The Chemical Biology of Human Disease
The fourth and final session, to be held from 1:45 p.m. to 4 p.m. Wednesday, will look at the merging of chemistry and biology to better understand disease states at a molecular level and to advance the development of novel therapeutics.
Among the presenters will be Peter H. Seeberger, a researcher at the Max Planck Institute in Germany, whose team is creating synthetic sugars as a means to fight disease in the developing world.
"I will speak about the use of synthetic sugars made using an automated synthesizer to find the malaria toxin that kills about 2 million children per year," Seeberger said. "This synthetic sugar is the basis for an anti-toxin malaria vaccine candidate we are currently developing."
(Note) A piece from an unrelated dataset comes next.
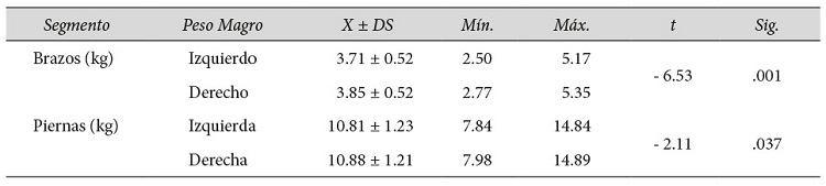 El método DEXA para medir la composición corporal permite determinar la distribución tanto de la masa grasa, como de la masa magra y la densidad mineral ósea en los distintos segmentos corporales como el tronco y las extremidades. La muestra de este estudio, presentó un peso magro de 62.1 kilogramos, el cual es muy similar al reportado en estudios realizados con futbolistas de Suecia y futbolistas argentinos, de 62 y 63.3 kilogramos, respectivamente (Magnusson et al., 2001; Wittich et al., 1998). En cuanto al peso magro por segmentos, se encontró que el promedio de masa magra del brazo derecho fue un mayor que el del brazo izquierdo (t = -6.53, p = 0.001), mientras que para la distribución de la masa magra a nivel de tren inferior, los datos registrados indican un peso magro en la pierna derecha mayor que en la pierna izquierda (t = -2.11, p = 0.037). Estos resultados podrían explicarse desde la posible predominancia de la lateralidad derecha de la muestra analizada, tanto a nivel de brazos como de piernas (Newton et al, 2001).

A research team at Wayne State University led by event organizer Hendrickson is looking at a common lipid modification of proteins called GPI membrane anchoring, a process that is upregulated in many types of cancer.
"The enzyme that attaches these glycolipids to proteins is perhaps the last major protein modification enzyme that remains poorly understood," Hendrickson noted. "This dearth in knowledge is because it is membrane-associated, and there is not a robust high-throughput (test) to facilitate its characterization."
Hendrickson's research group is developing a test for this enzyme and also is evaluating how it assembles. She said she hopes that her work will eventually lead to a detailed understanding of the role of the enzyme, called GPI transamidase, in cancer.